You and your spouse are different people and you’re bound to have differences in your marriage. Resolving them doesn’t have to be painful. “Fighting fair” means resolving your differences without damaging your relationship. In fact, if done well, it can even strengthen your bond and help you grow closer.
Key Factors of Fighting Fair
- Remember you’re on the same team. Be agreeable when you disagree.
- Never fight in front of the children or in public. And don’t drag family or friends into the argument or complain to them about your spouse. Having a few people to turn to for support is not the same as complaining about your spouse and sharing intimate private information. Your loyalty should be to your partner first.
- No ambushing. You’ve probably been thinking about this issue for a while, but your spouse may not have. Saying “we need to talk right now!” is an ambush. Rather, tell your spouse that you’d like to discuss X and arrange a good time. Give it a time limit, especially if it’s a problem that is not easily resolved. Taking multiple steps to solve an issue can often be the best approach in order to reach a long-term solution.
- Treat each other with respect. No yelling, name-calling, or personal attacks of any kind. If that starts happening, walk away. Agree ahead of time that if either of you starts to get heated, you’ll take a break.
- Stick to the point when you’re having a disagreement. Avoid getting sidetracked or bringing in other disagreements. You might even want to write down the main point you’re discussing and point to it when the discussion veers off course. If a different issue comes up that needs discussion, write it down to talk about another time.

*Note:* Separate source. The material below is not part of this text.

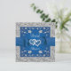 Keep with your royal blue and silver Love Hearts wedding theme with this romantic Bridal or Wedding Shower invitation with images of a pair of joined hearts overtop of a royal blue ribbon and bow image running across the centre of the invite. There is a simulated silver border around the edges of the card on the front and back sides. The shower details are printed in grey on a royal blue background on the back with a silver floral arch at the top. If you need any additional matching items, please email your request to niteowlstudio@gmail.com or use the Zazzle chat feature to get in touch.

- Watch your tone. Research indicates that the majority of our communication is in our tone of voice and our body language, not our words. A harmless word said with a sarcastic tone can feel like a dagger in someone’s heart.
- Listen, seeking to really understand. Clarify with phrases like “so, what you’re saying is,” or “correct me if I’m wrong – your point is…”
- Try not to get defensive. Assume the best intentions of your spouse. If a comment stings, say so and ask for a correction. “You know, the way you said that really hurt. Would you consider rephrasing it?”
- Make repair attempts along the way – i.e., throughout the discussion, do things to strengthen your relationship. Choose an open and connected body language, maybe leaning on each other. Bring into the conversation a shared private joke that fits the moment. Smile when appropriate.
- Apologize. If you’ve been fighting fair, you won’t need to apologize for anything, but let’s be honest. In an argument, we sometimes mess up. Apologize immediately, retract, and try again.
- Don’t mirror unfair fighting. If your partner pulls any of these stunts, don’t do it back. Maintain the high ground, but avoid acting “superior” – that’s another form of unfair fighting.
When to “fight” and when to let it go
In reality, “fighting fair” isn’t really fighting. It’s working through a problem as a team. That said, sometimes you’ll have to decide what’s worth arguing about and what’s not. Some arguments recur because you haven’t really discussed them using these fair-fighting principles. Others recur because they don’t really have a resolution. Unless the issue is severely damaging to your marriage or someone’s health, some issues should just be let go.
If a particular issue consistently causes you or your spouse to get highly emotional or to withdraw emotionally, it could be a sign of a deeper issue. Consider reaching out to a trained marriage counselor to help you or your partner work through this problem and discover peace.